En 1576, una terrible peste —la llamada peste de San Carlos— asoló la ciudad de Milán. El gobernador español y muchos nobles abandonaron la ciudad.

Borromeo, en cambio, permaneció junto a su pueblo. Vendió todas sus posesiones para socorrer a los enfermos, organizó la atención médica, transformó iglesias en hospitales improvisados y se encargó de alimentar a miles de familias.

Durante los meses más duros, recorría las calles descalzo, con una cuerda al cuello en señal de penitencia, llevando el Santísimo Sacramento para bendecir a los moribundos. Las crónicas cuentan que presidía procesiones con los pies sangrantes, cantando salmos y oraciones por el fin de la epidemia.

Cuando algunos le reprocharon que arriesgaba su vida, respondió con firmeza:

“El pastor no abandona a su rebaño cuando el lobo ronda.”

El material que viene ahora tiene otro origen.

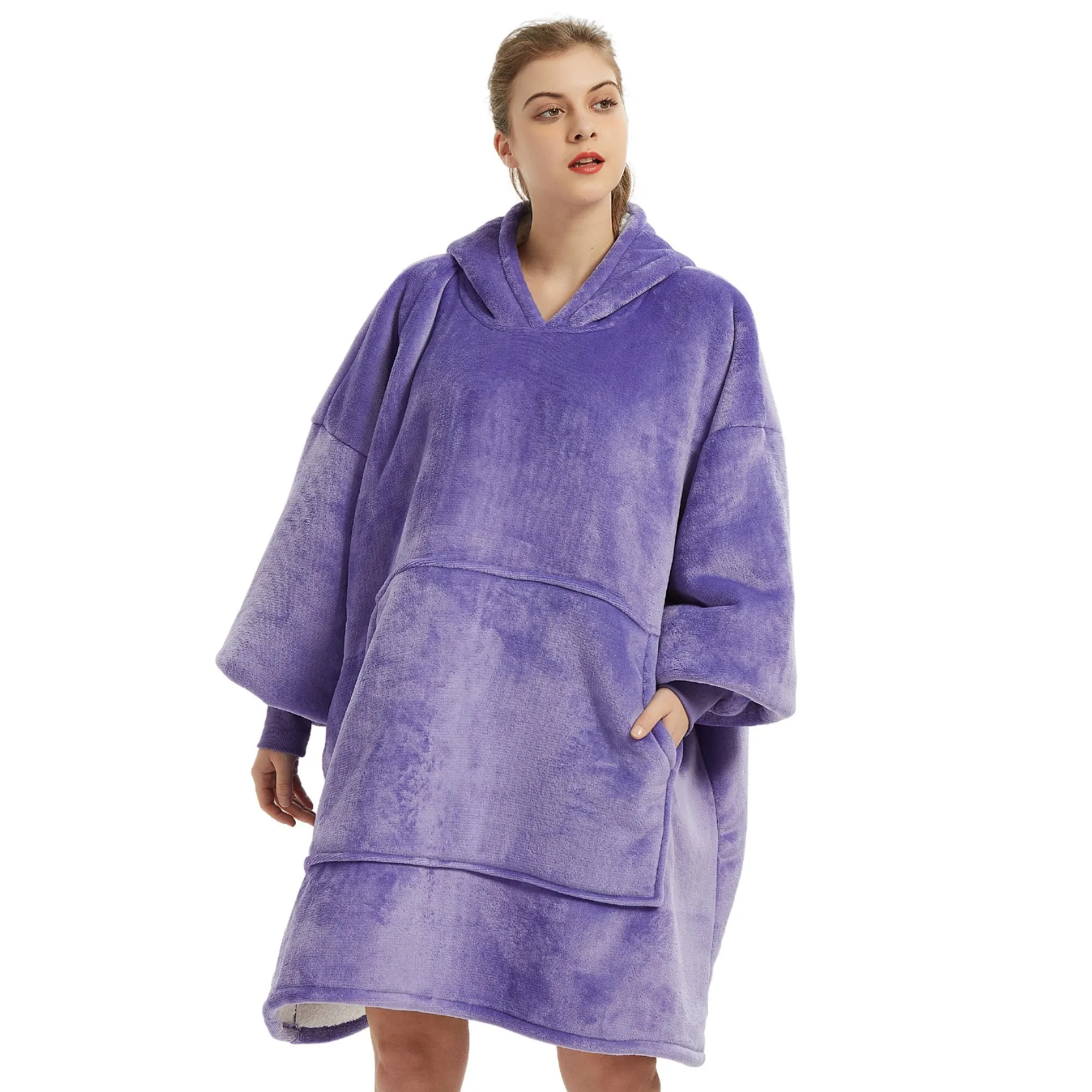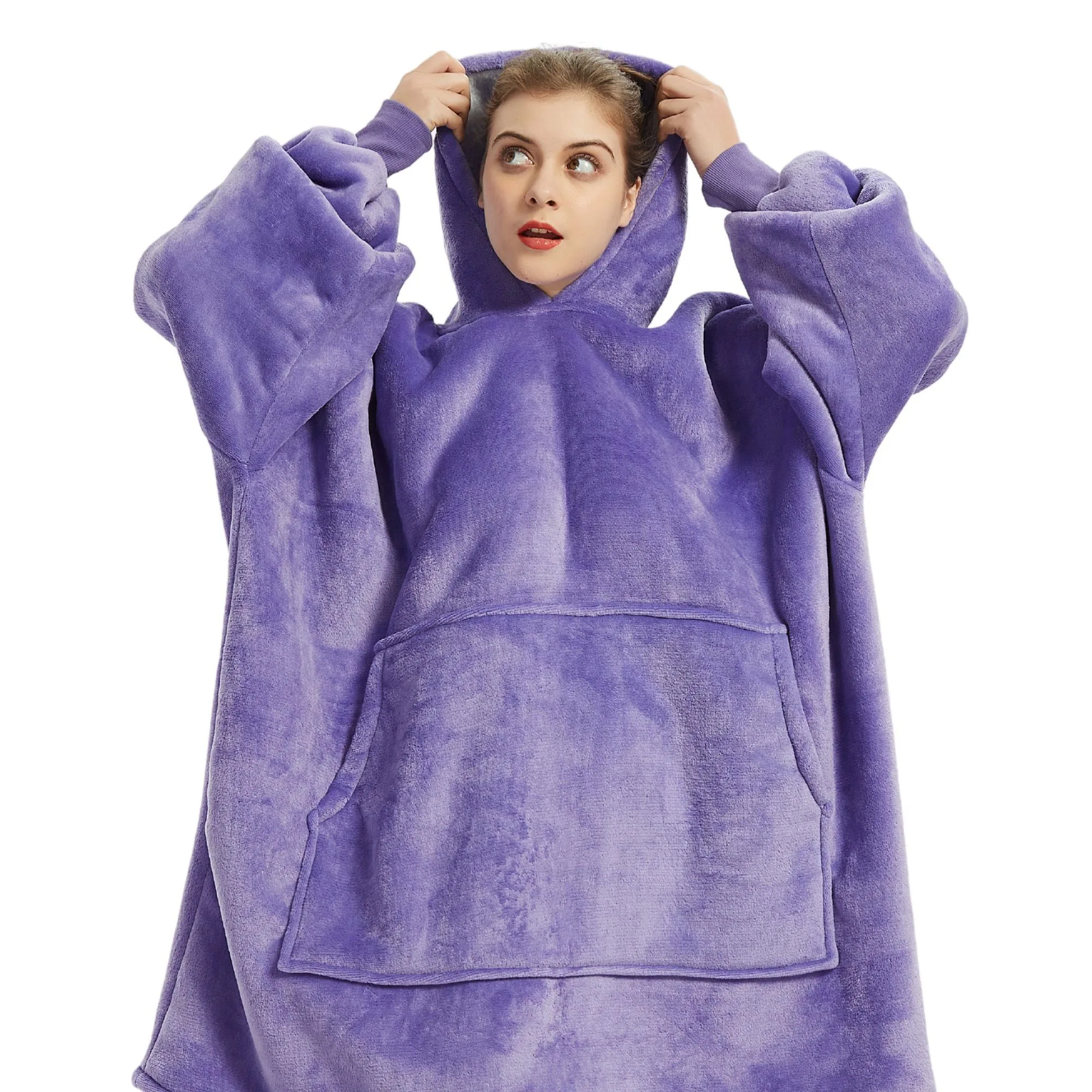 - Pull plaid violet avec capuche géante et poche centrale.

De aquellos años nació su fama de santidad. No era un reformador de despacho, sino un pastor dispuesto a morir por su pueblo. Su testimonio recordaba al de los grandes santos de los primeros siglos, cuando los obispos eran los primeros en socorrer, consolar y ofrecer esperanza.

La verdadera reforma frente a las falsas reformas

San Carlos Borromeo no inventó una “nueva Iglesia”; reformó la que Cristo había fundado. Para él, la reforma no consistía en “aggiornare” la doctrina ni adaptarla al espíritu del tiempo, sino volver a las raíces evangélicas con pureza y firmeza.
Decía con frecuencia:

“No se puede reformar la Iglesia si antes no nos reformamos a nosotros mismos.”

Esa frase encierra el núcleo de toda auténtica renovación.

Su ejemplo es hoy un antídoto frente a la tentación contemporánea de confundir conversión con consenso. Mientras algunos eclesiásticos contemporáneos promueven “procesos sinodales” o “nuevas estructuras participativas”, San Carlos recordaría que ninguna asamblea sustituye la santidad personal, ni ningún documento reemplaza la fidelidad a la verdad revelada.

Su vida demuestra que la Iglesia no se fortalece dialogando con el mundo, sino reformando a sus pastores y a su pueblo en la fe, la oración y la penitencia.

El legado de un santo para tiempos de confusión

San Carlos Borromeo murió en 1584, a los 46 años, agotado por el trabajo, las penitencias y las enfermedades.

En su lecho de muerte pidió que no lo llamaran “eminencia”, sino “pecador”.

Fue canonizado en 1610 por el papa Pablo V, y su figura se convirtió en símbolo del obispo ideal: docto, austero, orante y entregado.

Hoy, cuando abundan las voces que llaman a “reformar” la Iglesia sin mencionar el pecado ni la conversión, su ejemplo se alza como una advertencia luminosa: no hay reforma verdadera sin santidad, ni santidad sin sacrificio.

Su vida recuerda a los pastores de todos los tiempos que la caridad sin verdad se convierte en sentimentalismo, y la verdad sin caridad, en dureza estéril. San Carlos unió ambas: enseñó con claridad, corrigió con firmeza y amó con ternura.

Su mensaje para el siglo XXI es simple y urgente:

“No necesitamos inventar una nueva Iglesia, sino ser santos en la de siempre.”